This is a simple program to compute the sum of first 10 even and odd numbers and display the results.It is intended for beginner level learners of C programming.

The program is written and compiled using Dev-C++ 4.9.9.2 version compiler tool. You will find following sections in this post – problem definition, flowchart, program source code and verified output to help you understand and learn C programming language.
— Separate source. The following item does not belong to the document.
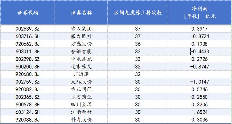 另据同花顺数据,登榜次数超过30次的个股有塞力医疗、雪人集团、方盛股份、合锻智能、中电鑫龙、广道退、退市苏吴、方正阀门、科力股份、四川金顶、江南新材、永安药业、天际股份。其中,塞力医疗与雪人集团登榜次数最多,且同样为37次,方正阀门、科力股份、四川金顶、江南新材、永安药业、天际股份均为30次。

Try to practice writing, compiling and run this program on your own.

## Problem Definition

The program for computing sum of first 10 even and odd numbers follow very simple logic, given below

- Take first 20 number, N = 20 of which half are even and half are odd numbers.
- Check each number one at a time and see if it’s divisible by 2.
- If Yes, add the number to Sum_Even.
- Else, add the number to Sum_Odd.
- Display the results
- End the program

Note:- Whenever a number is divisible by 2 it gives a remainder of 0, otherwise not.
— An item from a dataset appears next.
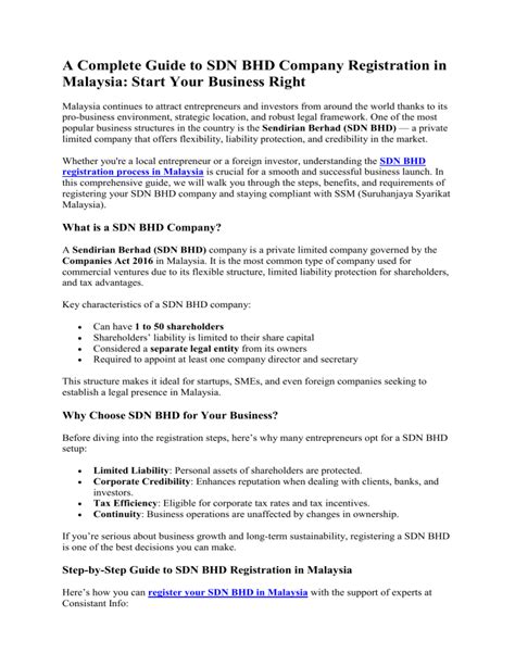 Setting up a Sdn Bhd in Malaysia can seem daunting, but don’t worry, guys! This comprehensive guide will walk you through everything you need to know. From understanding what a Sdn Bhd actually is, to the step-by-step process of registering one, and even touching on the legal and financial responsibilities that come with it, we’ve got you covered. Think of this as your friendly handbook to navigating the world of private limited companies in Malaysia. So, let’s dive in and make this whole process a lot less intimidating, shall we?

## Flowchart – Sum of Even and Odd

## Program Code – Sum of Even and Odd

#include <iostream.h>

#include <stdio.h>

#include <conio.h>

int main()

{

int sum_even,sum_odd,N,i;

//Initialize the sum of even and sum of odd numbers

sum_even = 0;

sum_odd = 0;

// Total of 20 numbers comprise of 10 odd and 10 even numbers

// But you change the value of N to anything if required

N = 20;

//Compute the sum of even and sum of odd number

for(i = 1;i<=N;i++)

{

if((i % 2) == 0)

{

sum_even = sum_even + i;

}

else

{

sum_odd = sum_odd + i;

}

}

//Print the results now

for(i=0;i<35;i++)

printf("_"); printf("\n\n");

cout <<; "Th sum of 10 evens are"

<< "\t" << sum_even << endl;

cout << "The sum of 10 odd are"

<<"\t" << sum_odd << endl;

for(i=0;i<35;i++)

printf("_"); printf("\n\n");

getch();

return 0;

}

## Output

The output of the program is given below. Remember that the program does ask for input because the value of N is already assigned. You can change that to a program asking input at run-time.